Fue famoso por sus DNU (Decretos de necesidad y urgencia). Algunos de sus más famosos fueron:

-Pena de muerte para el que abusara de los impuestos. Anotando ahí los de Impositiva.

-A los padres que permitían que sus hijas tuvieran novios o filitos que las sedujeran, les quemaban la garganta con plomo derretido. Un mal trago por donde se lo mire.

-Cambió la pena de crucifixión por la horca. Los interesados no notaron la diferencia de resultado.

-Impuso el domingo como día de fiaca. Y no dijo nada del fútbol.

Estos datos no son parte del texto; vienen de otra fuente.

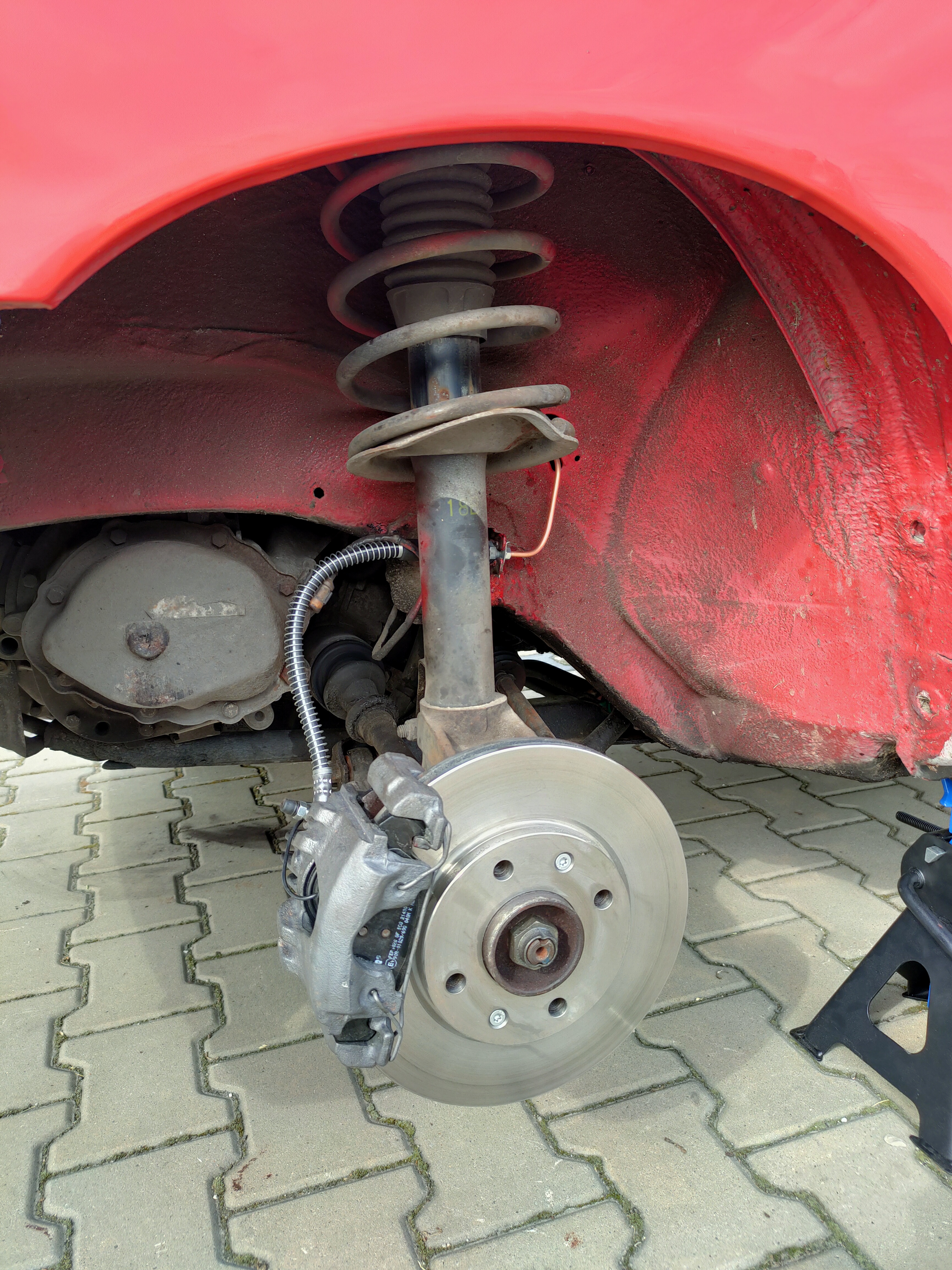 Na szybko zaopatrzyłem się w najtańsze łożysko oraz je zmieniłem, żeby uruchomić znowu auto(nie mam innego). Jednocześnie znalazłem na grupie fb kompletną belkę z szerokimi bębnami i stabilizatorem. Nową belkę zakupiłem i bezpośrednio od sprzedającego wysłałem do Piły do serwisu Szmytek specjalizującego się w regeneracji belek. Regeneracja wymagała zmiany łożysk, czopów oraz uszczelnień, ale przebiegła sprawnie. Niestety po odebraniu belki i zamontowaniu jej na auto, okazało się, że jest za wysoko ustawiona. Belkę odesłałem w celu korekty wysokości. Polecam ten serwis, pomimo tej wpadki, mimo wszystko robili to bez auta w serwisie. W sumie najlepiej umówić się i osobiście pojechać do nich autem, to wtedy już bez problemu powinno pójść wszystko od strzała. Ja jednak wybrałem formę wysyłki, bo jednak z Katowic to jest kawałek 8)7 Przy okazji regeneracji belki, zmieniłem przewody od ręcznego oraz przewody hamulcowe idące na tył(te na froncie zmieniłem w zeszłym roku). Dalej niestety zostało mi skrzypienie w okolicach tyłu auta, które najczęściej słyszę na łuku. Wymienię jeszcze te silentbloki na belce i zobaczymy czy to to.

-Inventó los “siervos de la gleba”. El tipo era un visionario. Se adelantó a la Edad Media. Y sí,  podría decirse que la fundó porque sin siervos, no hubiera habido ni gleba, ni edad, ni historieta.

 

Este muchacho de vida intensa instaló una monarquía absoluta, con la inestimable colaboración de los católicos en trueque por los “favores recibidos creo habértelos pagado”. Además hereditaria y, por si esto fuera poco dispuso que su poder tenía origen divino. Una ternura  en todo. Como era de esperar lo sucedieron familiares y parientes, que ya sabemos cómo son estos temas. Nepotismo queda chico. “La historia vuelve a repetirse”.

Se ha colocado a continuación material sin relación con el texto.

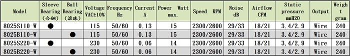 80mm*80mm*25mm AC Fan 交流風扇

A Bizancio la manotearon todos. Los griegos de Megara, de Esparta y de Atenas, los persas, los macedonios. Raro que Drake, Morgan, o algún otro simpático pirata inglés no se haya dado una vueltita para ver qué pasaba. La destruyeron, la rehicieron, iglesia sobre iglesia, credo sobre credo, empujándose, a los codazos. La saquearon. La maltrataron. Pero no pudieron destruir ni robar su belleza.

A Estambul no le dejaron aquellos dioses, pero sí la joya de una daga en el palacio Topkapi y la luminosidad del Bósforo.

Constantino no será menos absurdo que este relato, pero su legado sique siendo impiadoso.

Un rato más tarde, en nuestros pagos, en Córdoba, un prelado continuador devenido capellán de liceo, eligió los mejores alumnos y formó los montoneros, para continuar el negocio aquel de las viejas discusiones feéricas y políticas.

A pesar de todo, gloria y loor, el arco de Constantino quedó ahí, cerca del Coliseo, para la foto de los turistas. Pasen y vean, pero sepan!